Summer fast approaching

My insecurities are making it hard for me to truly enjoy the nice, warm weather.  Summer is swiftly approaching and I am already missing the safety of over sized sweatshirts.  I saw a number of thin girls in itty bitty shorts today and that did not help matters.  I was actually quite fascinated how their thighs connect seamlessly into their calves like perfect, long, slender cones.  But then I thought of my own lumpy thighs…

I can’t help wondering how they feel about themselves.  Do they realize how lovely they are?  Or are they dissapointed with what they see in the mirror as well?  Are they content with life because they are thin?  Do they even know what they have?

But I don’t know them.  Any assumptions I make would just highlight my own ignorance.  Just as someone assuming they know me based on my size would highlight their own.  But this knowledge does not stop my envy.

I wonder what I should do when I finally love my legs.  Like truly love them.  Maybe a little heart tattoo on my upper calf.  Or Japanese kanji for love which I’ll find out later actually means lettuce or apple or something.  Hmmmm…  I don’t know if I could make that kind of commitment.

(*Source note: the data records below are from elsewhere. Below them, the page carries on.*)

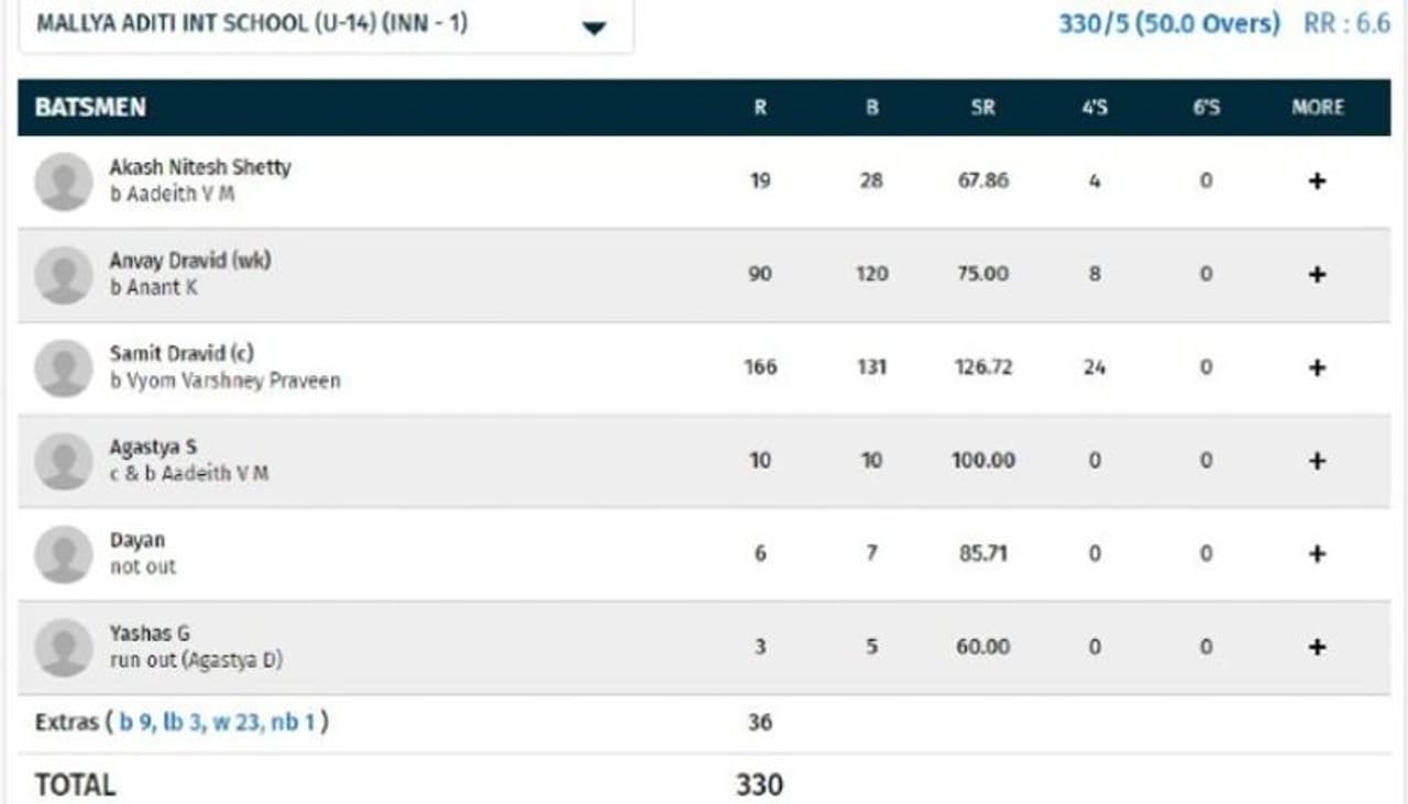 Earlier in the tournament, Samit had hit a double century (211 not out) against BGS National Public School. Prior to this, in the KSCA Under-14 inter-zonal tournament, Samit had hit 201.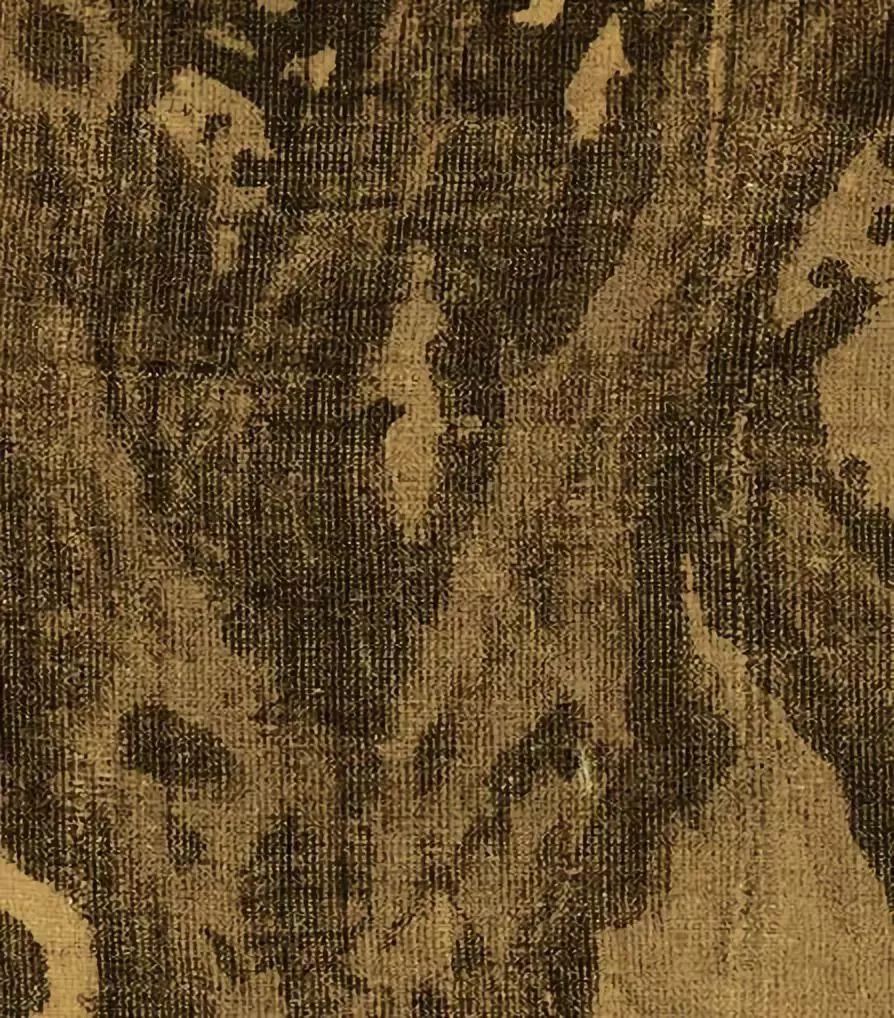 范宽的签名相当隐蔽,如果不是将这件作品放大 10 倍,那隐藏在“运输人”右侧树丛中的签名恐怕不会被人发现。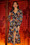 Yumi Black Floral And Foil Ruched Midi Dress With Split Hemline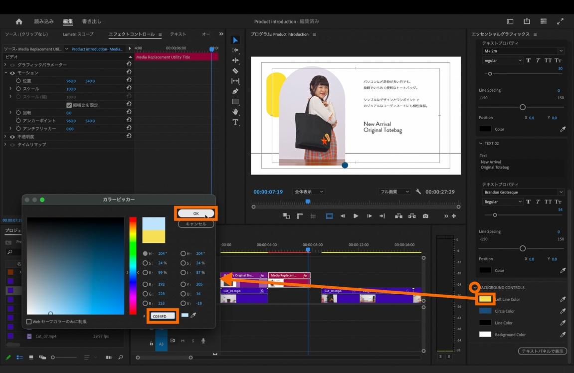 さらに異なるモーショングラフィックステンプレートを活用して、商品説明の次のシーンを追加します。

What I will probably do is wear shorts on a walk along the river and just relish the feeling of a breeze on my knees.  Simple I know but if I could walk confidently in such a situation without feeling like I should apologize to everyone who sees my thunder thighs, I will know I truly have arrived.

 

 

This is gonna take a while.

 

 

 

I probably should start by not referring to them as “thunder thighs.”